Relevant Pragmatic Engineer newsletter with many more cases along these lines, along with how some people are handling them: https://newsletter.pragmaticengineer.com/p/the-pulse-token-s...

Tokenmaxxing seems more and more like a way to encourage experimentation and learning, and incidents like this are a part of learning. Like, today devs simply use the most expensive model by default, even to do extremely simple things. This is obviously wasteful and costly, and budgets will soon be imposed, but this is how they're figuring out the economics.

For instance, like we estimate story points, we may estimate token budgets. At that point, why waste time and money invoking a model for a simple refactor when you could do it with a few keystrokes in an IDE? And why use a frontier model when an open-source local model could spit out that throwaway script? Local models can be tokenmaxxed, but frontier models will still be needed and will be used judiciously. Those are essentially trade-offs, and will eventually be empirically driven, which is what engineering is largely about.

So economics will soon push engineers back to do what they're paid to do: engineering. Just that it will look very different compared to what we're used to.

great_psy 15 hours ago | parent [-]

This is the first time I heard about estimating tokens for a task.

I feel like you’re on to something. Management will pick this up, and make it part of the sprint planning.

Engineers will pull out their hair wondering how you can do that.

That’s like estimating how many CPU cycles a task will take.
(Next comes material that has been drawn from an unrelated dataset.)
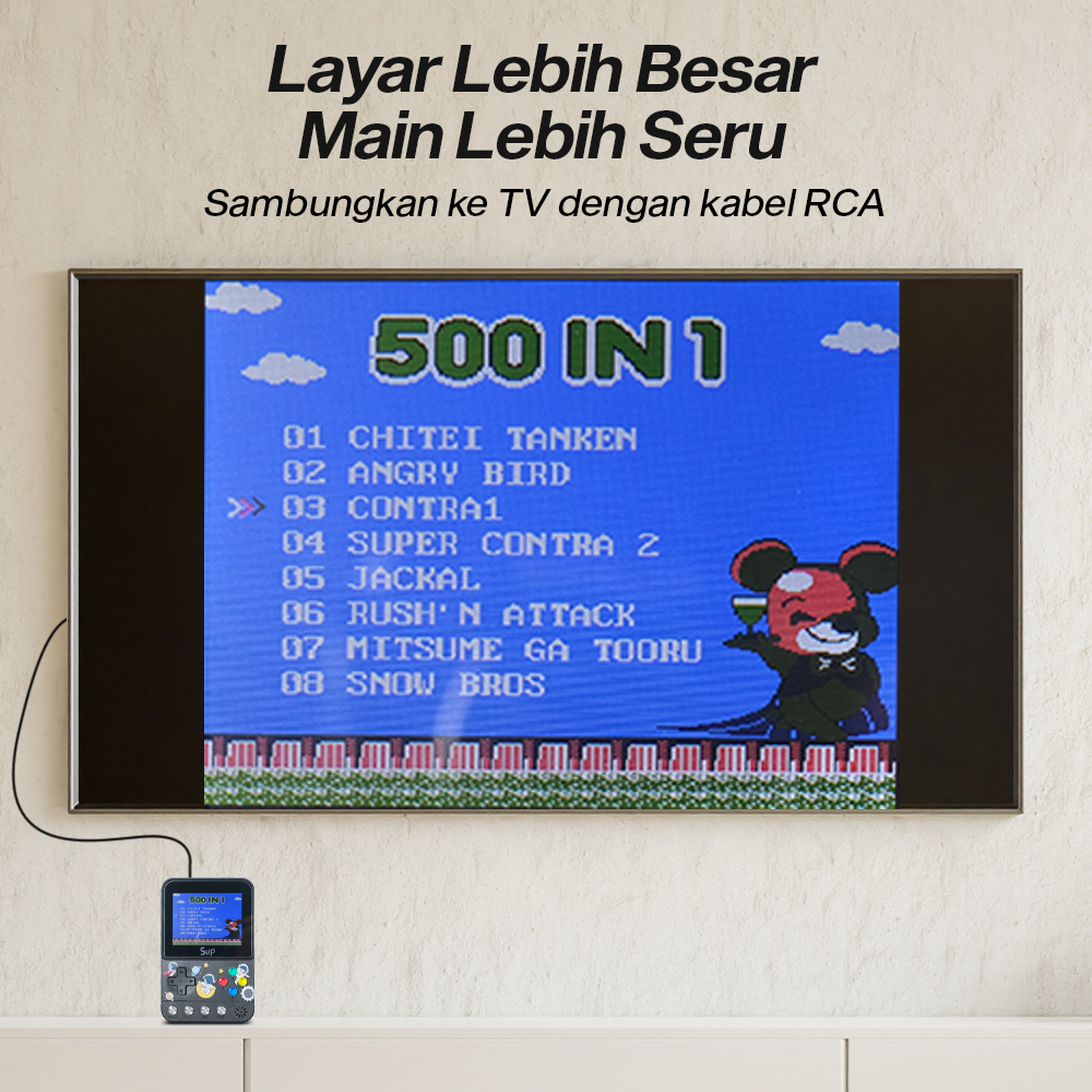 | 500 Game Retro Siap Main Tak perlu instalasi atau koneksi internet, cukup nyalakan dan langsung main. Cocok untuk semua usia, dari nostalgia dewasa hingga hiburan anak-anak. |

How many instructions will your laptop use while you work on something.

keeda 5 hours ago | parent [-]

Yeah, and I expect estimating token budgets is going to go the same trajectory (along with the same accompanying annoyances) as estimating and tracking story points!
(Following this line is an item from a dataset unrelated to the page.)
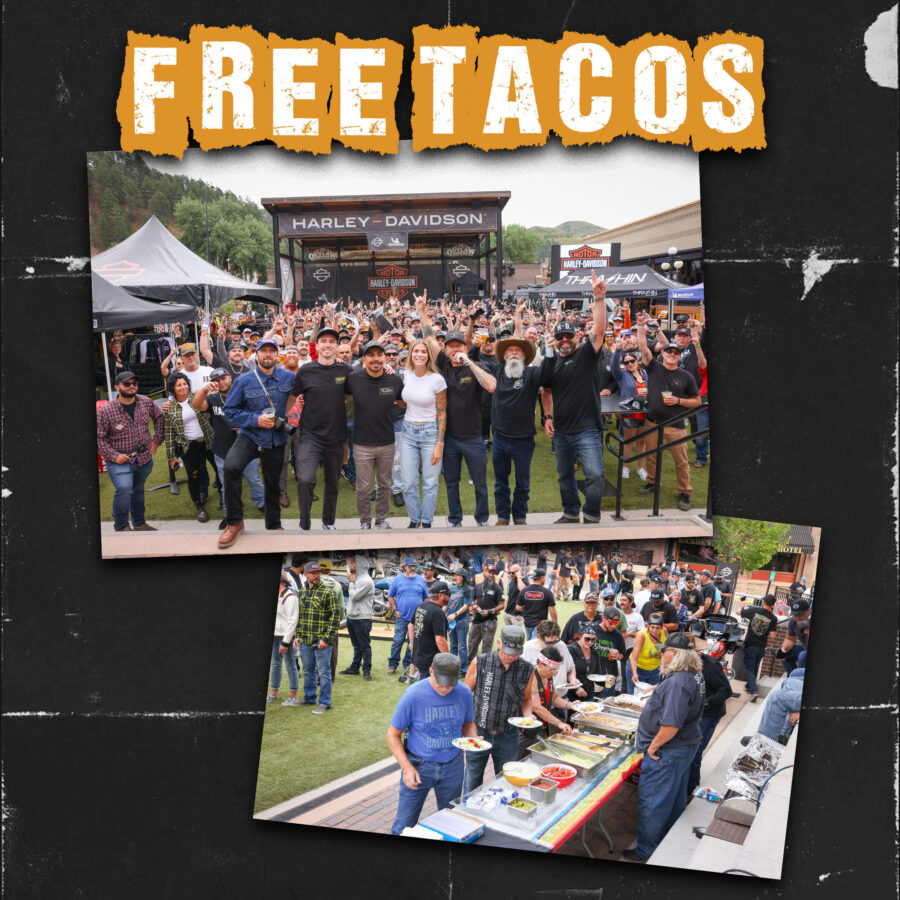 This isn’t just a scenic ride—it’s a chance to connect with fellow riders, hang out with the Thrashin’ Supply team, and enjoy free tacos once you roll into Deadwood. Expect a laid-back atmosphere with good vibes and plenty of rad bikes. And did we menion… Free tacos!!!

But done with the right mindset and proper awareness of the inherent uncertainty, you can sometimes achieve some reasonable estimates over time by starting with some T-shirt size estimates and then adapting based on actual numbers. Soon enough the team gets a sense of the nuances of the projects and its dependencies, and estimates get more accurate.
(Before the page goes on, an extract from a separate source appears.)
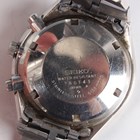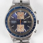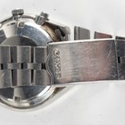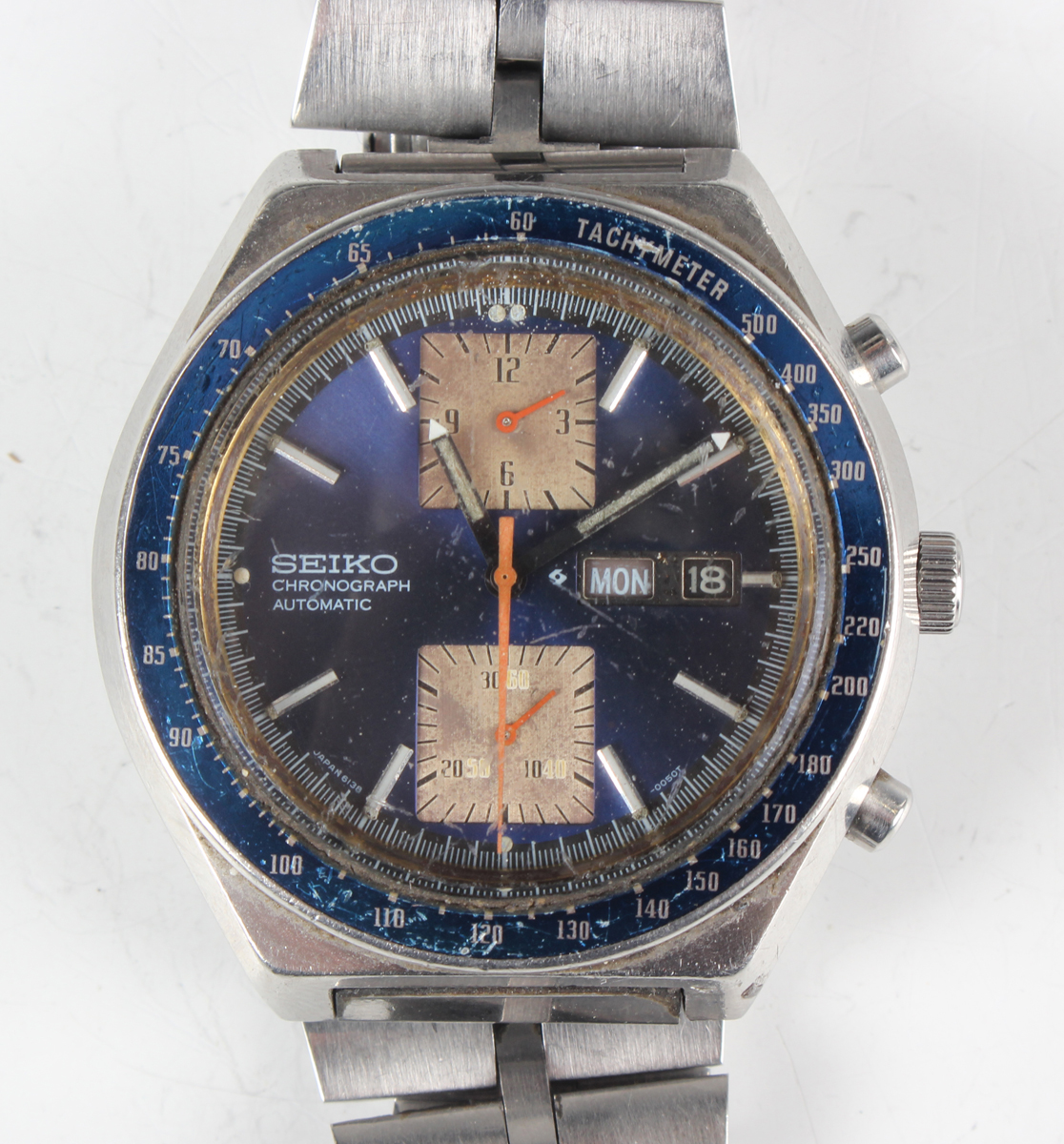 A Seiko 'Kakume' Chronograph Automatic stainless steel gentleman's bracelet wristwatch, Ref. 6138-0030, circa August 1977, with signed and jewelled 6138 B caliber movement, the signed blue dial with silvered baton hour markers, two silvered square subsidiary dials, day and date apertures and centre stop seconds, the case with blue tachymeter scale bezel, the signed case back numbered '780143' and '6138-0030', the tapered link bracelet with signed foldover clasp, case width 4.2cm.

As such, the example of estimating CPU cycles for tasks is actually relevant. For instance it is a common practice in real-time embedded systems running on tiny micro-controllers. But it is also possible to get good estimates for more complex applications / OS's / architectures simply by benchmarking them over time.

The most common problem with planning and task estimation is that the corporate dynamics around it are not healthy: leadership often uses those as an SLA instead of the SWAG that they are. I worked on a team where our estimates never matched the actual time taken, partially due to rather unpredictable dependencies and high-priority tasks frequently interrupting us. But because we were clearly very high-functioning, management never held that against us. Those were some healthy corporate dynamics; not all places have that.